## Exercise
Wherever a picture appears, skip it and retype the rest of the data exactly.

## Recorded data
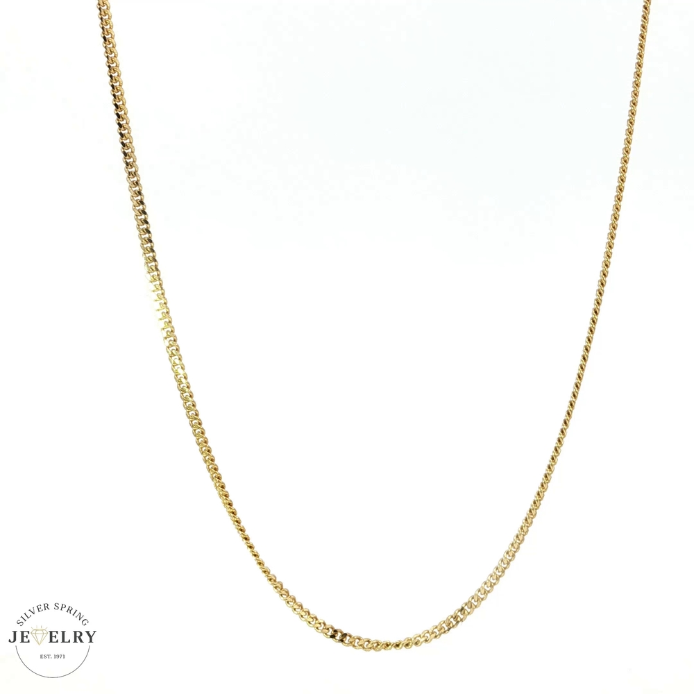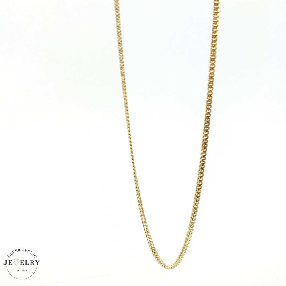 Experience superior quality and real craftsmanship with this 14K Yellow Gold Cuban Link chain. Weighing 3.5 grams and measuring 20 inches long with a thickness of 1.5mm, it makes a stylish statement. The beautiful interlocking Cuban link design gives an appealing look and offers excellent durability. Made from top-notch 14K gold, it delivers fade-resistant shine and anti-tarnish protection, giving you a long-lasting, high-end piece. This elegant, timeless chain is suitable for both men and women and suits every fashion preference.
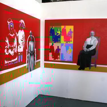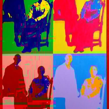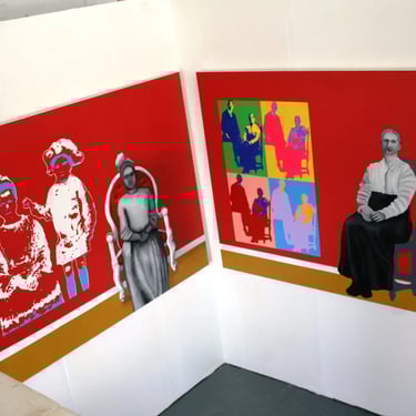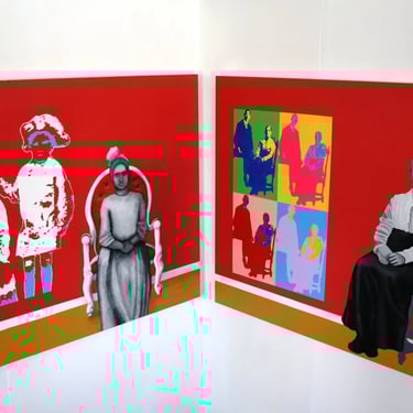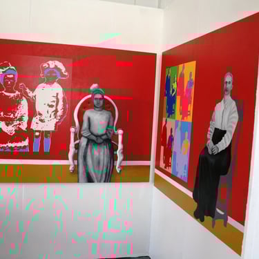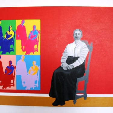 I painted the photographs in a Pop-Art style to mark the time – the middle of the XXth century (also the painting with the girl’s figure has just one image of three colours while the painting with the woman’s figure has four multicoloured images of the photograph. This is because a mother’s memories of her son would be much more multifaceted and bright than the memory of the child-sister, who would remember just one scene with her brother from childhood). The figures on the paintings are meant to be mother and daughter – the ghosts who were still visiting their ex-house at our time (where their subsequent descendants are still living, the reference to that is that the ‘Pop-art style prints’ of old photographs are hung on the walls of the house). The Ghosts (figures depicted in black and white) appears next to the ‘prints’ on the walls as they still remember their loss of brother and son. The subject-matter of the Diptych will reach a broad audience as I believe it is does not matter that people rich or poor, whether they are from England or Russia, etc. but the tragedy of the loss and the feelings about it are always the same.
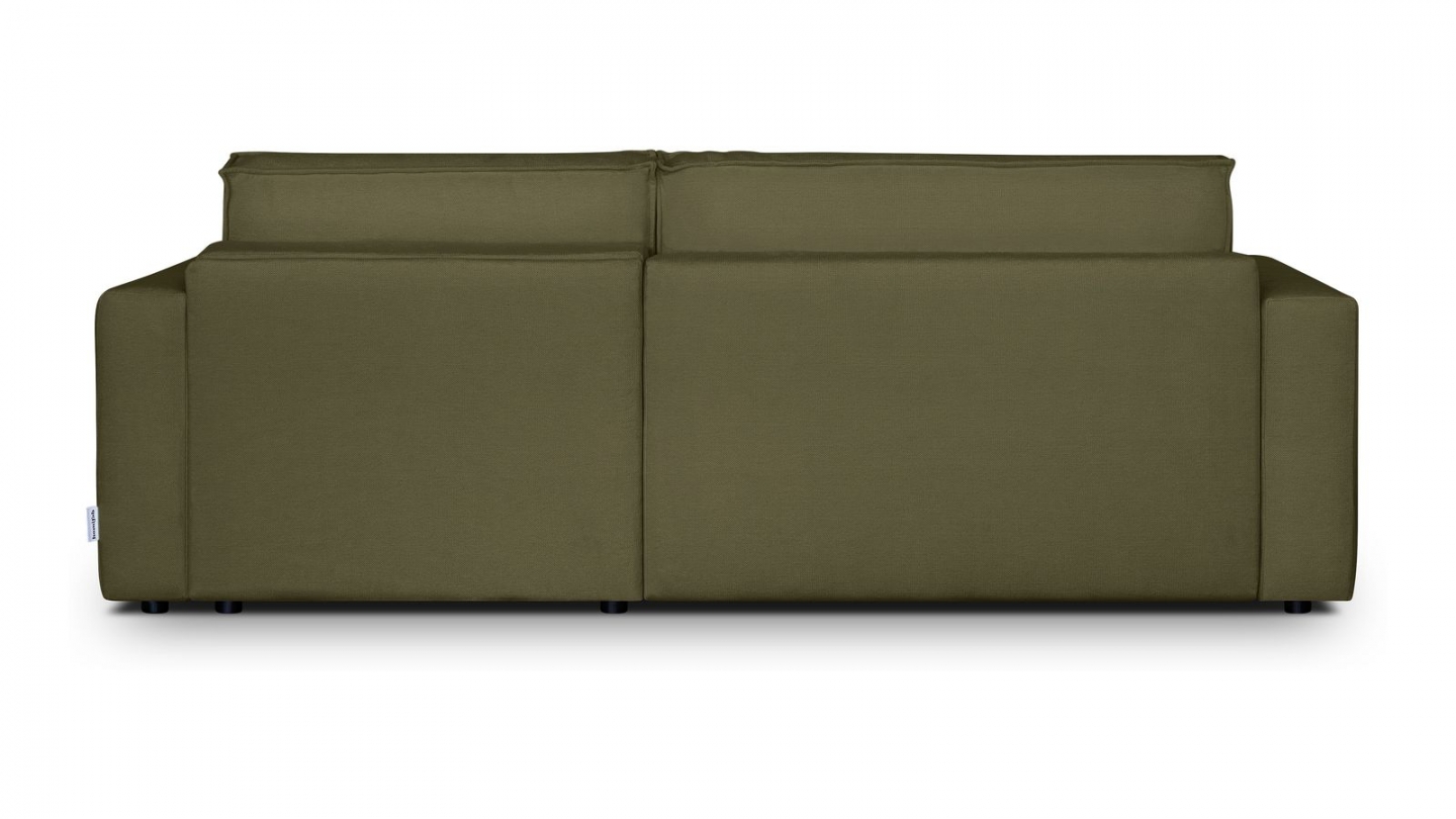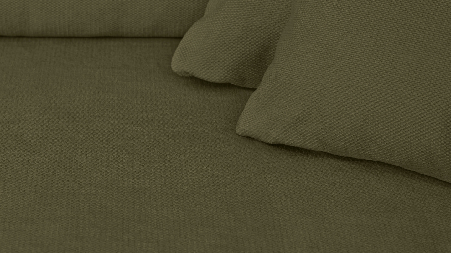 Son tissu chenille vert kaki 100 % polyester (310 g/m²), certifié Oeko-Tex, habille l’ensemble d’un effet texturé et mat qui capte joliment la lumière. Facile à accorder, ce vert apaisant apporte une note tendance à votre salon.
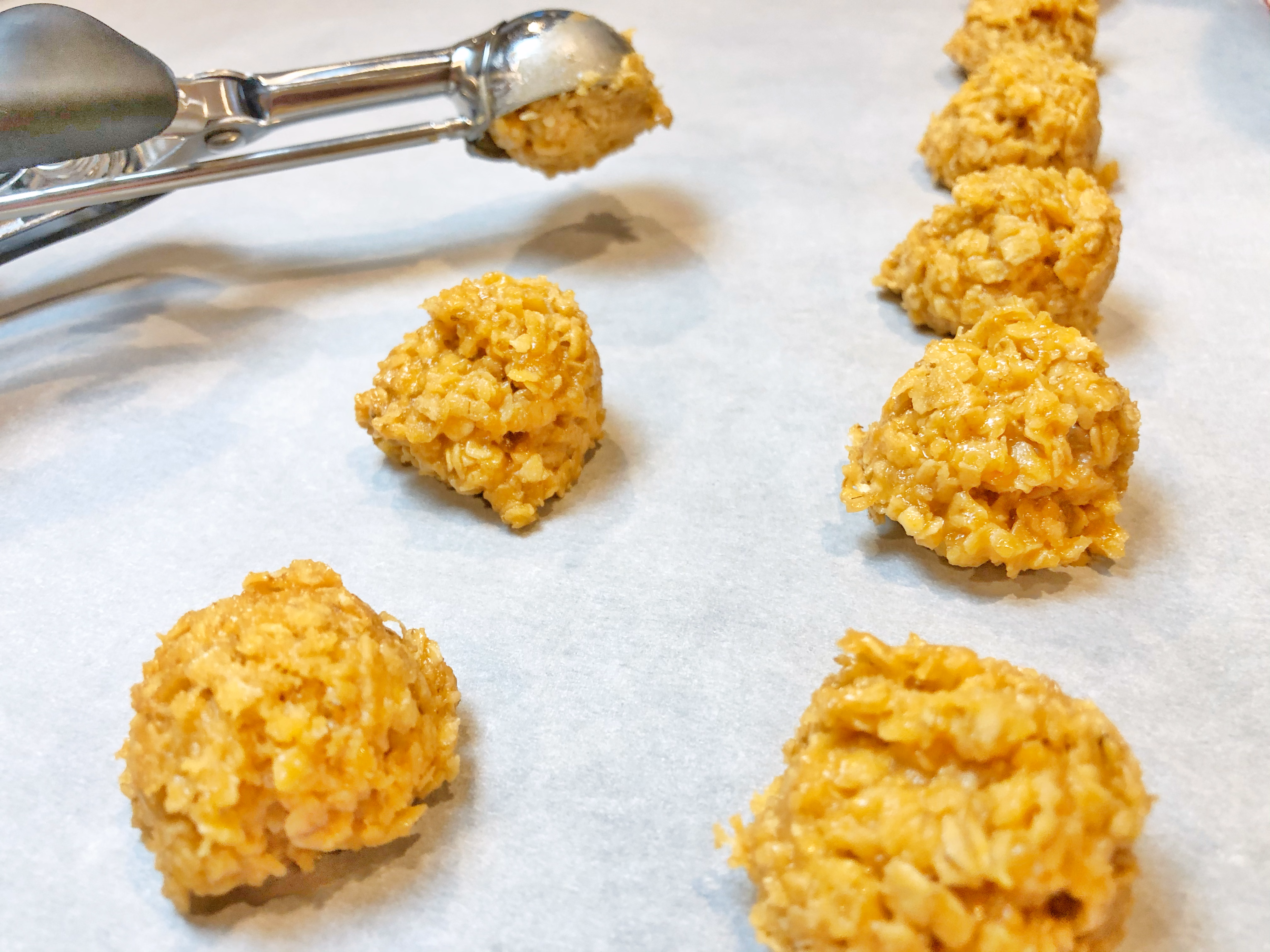 Using a miniature cookie scoop or a regular one for bigger cookies; drop warm cookies onto parchment paper.
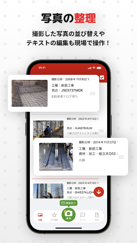 在智慧型手機上完成你的工作!這款建築照片應用包含一個電子黑板。拍照時會建立照片分類帳。你可以選擇和重新排列照片、編輯文本,並輸出為 PDF 或 Excel。
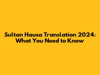 Sultan Hausa Translation 2024: What You Need To Know
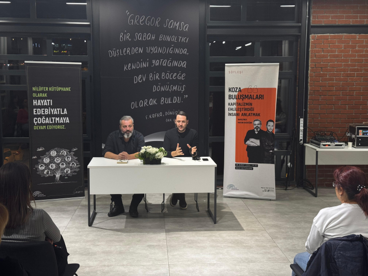 Nilüfer Belediyesi’nin Görükle’de hizmete açtığı Koza Kütüphane’de düzenlediği “Koza Buluşmaları”na bu ay yazar Barış İnce konuk oldu. Moderatörlüğünü Hakan Akdoğan’ın yaptığı söyleşide “Kapitalizmin Ehlileştirdiği İnsanı Anlatmak” üzerine konuşuldu. Edebiyatseverlerin yoğun ilgi gösterdiği söyleşide konuşan Barış İnce, kapitalizmin yarattığı yabancılaşma kavramına değindi. Kapitalizmin içine doğduğumuz için çok da farklılaşamadığımızı ifade eden İnce, “Son çıkan ürüne yabancısın. Mesela telefon üreten bir fabrikada vida sıkan bir işçisin. Üretim bandının içindesin. Ama sonuçtan habersizsin ve o telefonu da pahalı olduğu için alamayabiliyorsun. Bankada çalışıyorsunuz. Bir şeyler satmaya çalışıyorsunuz. Ancak onun karlılığından haberiniz yok” dedi. Tüketim kültürü ile insanın gözünün boyandığını savunan İnce, “Meta fetişizmi var. Meta dediğimiz, ticari mala bir coşku duyuyoruz. Kapitalizm bu coşkularımızı tetikliyor. Bunu da reklamlarla yapıyor. O sana dayatılan ihtiyaç nedeniyle kapitalizmin parçası haline geliyorsun. Hepimiz de bunun içindeyiz” diye konuştu.

## Response to the task
 Experience superior quality and real craftsmanship with this 14K Yellow Gold Cuban Link chain. Weighing 3.5 grams and measuring 20 inches long with a thickness of 1.5mm, it makes a stylish statement. The beautiful interlocking Cuban link design gives an appealing look and offers excellent durability. Made from top-notch 14K gold, it delivers fade-resistant shine and anti-tarnish protection, giving you a long-lasting, high-end piece. This elegant, timeless chain is suitable for both men and women and suits every fashion preference.
 I painted the photographs in a Pop-Art style to mark the time – the middle of the XXth century (also the painting with the girl’s figure has just one image of three colours while the painting with the woman’s figure has four multicoloured images of the photograph. This is because a mother’s memories of her son would be much more multifaceted and bright than the memory of the child-sister, who would remember just one scene with her brother from childhood). The figures on the paintings are meant to be mother and daughter – the ghosts who were still visiting their ex-house at our time (where their subsequent descendants are still living, the reference to that is that the ‘Pop-art style prints’ of old photographs are hung on the walls of the house). The Ghosts (figures depicted in black and white) appears next to the ‘prints’ on the walls as they still remember their loss of brother and son. The subject-matter of the Diptych will reach a broad audience as I believe it is does not matter that people rich or poor, whether they are from England or Russia, etc. but the tragedy of the loss and the feelings about it are always the same.
 Son tissu chenille vert kaki 100 % polyester (310 g/m²), certifié Oeko-Tex, habille l’ensemble d’un effet texturé et mat qui capte joliment la lumière. Facile à accorder, ce vert apaisant apporte une note tendance à votre salon.
 Using a miniature cookie scoop or a regular one for bigger cookies; drop warm cookies onto parchment paper.
 在智慧型手機上完成你的工作!這款建築照片應用包含一個電子黑板。拍照時會建立照片分類帳。你可以選擇和重新排列照片、編輯文本,並輸出為 PDF 或 Excel。
 Sultan Hausa Translation 2024: What You Need To Know
 Nilüfer Belediyesi’nin Görükle’de hizmete açtığı Koza Kütüphane’de düzenlediği “Koza Buluşmaları”na bu ay yazar Barış İnce konuk oldu. Moderatörlüğünü Hakan Akdoğan’ın yaptığı söyleşide “Kapitalizmin Ehlileştirdiği İnsanı Anlatmak” üzerine konuşuldu. Edebiyatseverlerin yoğun ilgi gösterdiği söyleşide konuşan Barış İnce, kapitalizmin yarattığı yabancılaşma kavramına değindi. Kapitalizmin içine doğduğumuz için çok da farklılaşamadığımızı ifade eden İnce, “Son çıkan ürüne yabancısın. Mesela telefon üreten bir fabrikada vida sıkan bir işçisin. Üretim bandının içindesin. Ama sonuçtan habersizsin ve o telefonu da pahalı olduğu için alamayabiliyorsun. Bankada çalışıyorsunuz. Bir şeyler satmaya çalışıyorsunuz. Ancak onun karlılığından haberiniz yok” dedi. Tüketim kültürü ile insanın gözünün boyandığını savunan İnce, “Meta fetişizmi var. Meta dediğimiz, ticari mala bir coşku duyuyoruz. Kapitalizm bu coşkularımızı tetikliyor. Bunu da reklamlarla yapıyor. O sana dayatılan ihtiyaç nedeniyle kapitalizmin parçası haline geliyorsun. Hepimiz de bunun içindeyiz” diye konuştu.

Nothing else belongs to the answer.